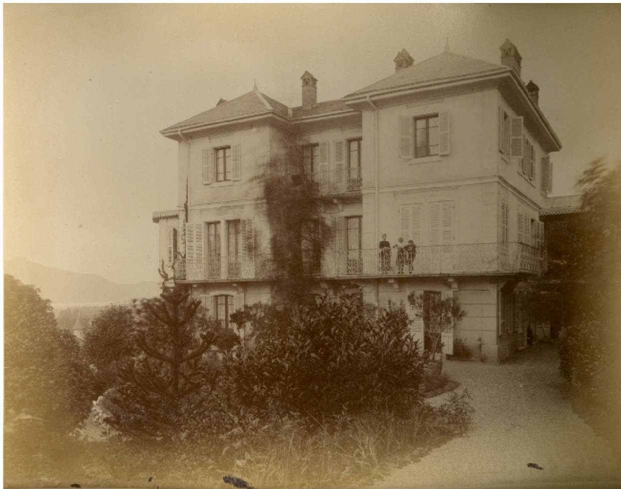
Vue générale, fotogr. ancienne
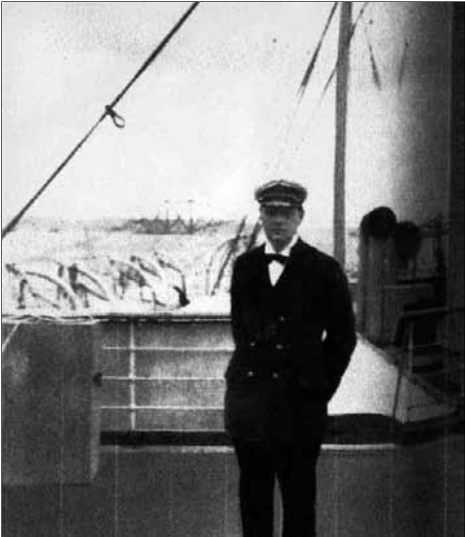
Churchill na admiralskoj jahti HMS Enchantress
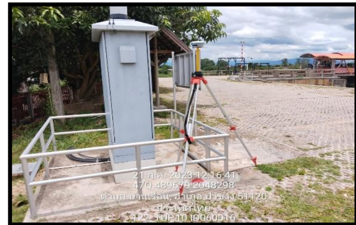
ทิศตะวันตก
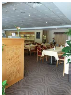
Engste Stelle im Restaurant am Counter

Exercise:
Pictures included in the data should be dropped; everything else must be repeated exactly.

Exercise output:
Vue générale, fotogr. ancienne
Churchill na admiralskoj jahti HMS Enchantress
ทิศตะวันตก
Engste Stelle im Restaurant am Counter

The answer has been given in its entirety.